I'm currently working on pyspark and I've a csv file(having a few columns among which I'll display only the date datatype columns) which when opened in Excel looks like this:
Date received Date sent to company
11/13/2014 11/13/2014
11/13/2014 11/13/2014
11/13/2014 11/13/2014
11/13/2014 11/13/2014
12-11-2014 11/13/2014
12-11-2014 11/13/2014
12-11-2014 11/13/2014
12-11-2014 11-12-2014
12-11-2014 11-12-2014
12-11-2014 11-12-2014
12-11-2014 11-12-2014
12-11-2014 11-12-2014
12-11-2014 11-12-2014
12-11-2014 11-12-2014
12-11-2014 11-12-2014
12-11-2014 11-12-2014
12-11-2014 11-12-2014
12-11-2014 11-12-2014
Here is the screenshot for more clear understanding
As you can see I've used this csv file for my pyspark but I really want to have the date columns in one particular format say: "dd-mm-yyyy".

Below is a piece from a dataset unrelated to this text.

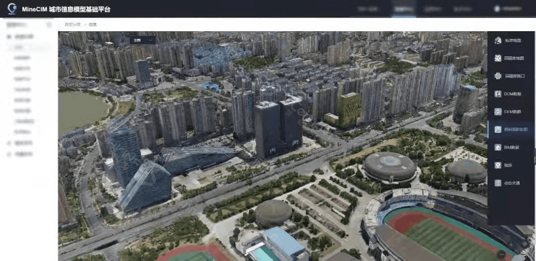MineCIM以“BIM+GIS+IoT”为核心,构建五横四纵整体架构,实现“一个城市数据底板,一个CIM基础平台,N个CIM+应用场景”的1+1+N总体框架。该平台立足城市规划、建造、运行、生态、管理等应用需求,融合应用SOA(面向服务)架构、空间大数据技术、多源异构数据融合技术、WebGL三维渲染引擎技术、基于矢量切片的海量矢量数据动态展示等关键技术,提供数据管理、空间分析、可视化、共享服务、运营管理等支撑能力,多维度、多角度、精准化打造城市基础支撑平台。

Can somebody help me with it?!
Although I've tried:
df.select(col("Date_received"),to_date(col("Date_received"),"dd-MM-yyyy").alias("date")) \
.show()
Which gives the following ouput:
+-------------+----------+
|Date_received| date|
+-------------+----------+
| 11/13/2014| null|
| 11/13/2014| null|
| 11/13/2014| null|
| 11/13/2014| null|
| 12-11-2014|2014-11-12|
| 12-11-2014|2014-11-12|
| 12-11-2014|2014-11-12|
| 12-11-2014|2014-11-12|
| 12-11-2014|2014-11-12|
| 12-11-2014|2014-11-12|
| 12-11-2014|2014-11-12|
| 12-11-2014|2014-11-12|
| 12-11-2014|2014-11-12|
| 12-11-2014|2014-11-12|
| 12-11-2014|2014-11-12|
| 12-11-2014|2014-11-12|
| 12-11-2014|2014-11-12|
| 12-11-2014|2014-11-12|
| 12-11-2014|2014-11-12|
| 12-11-2014|2014-11-12|
+-------------+----------+
only showing top 20 rows
Observe how the output for first 4 rows is "null". And also I'm providing "dd-mm-yyyy" then how come the output has a "yyyy-mm-dd" format?
How to tackle this problem? Coz I want to change the date_format here(to "dd-mm-yyyy").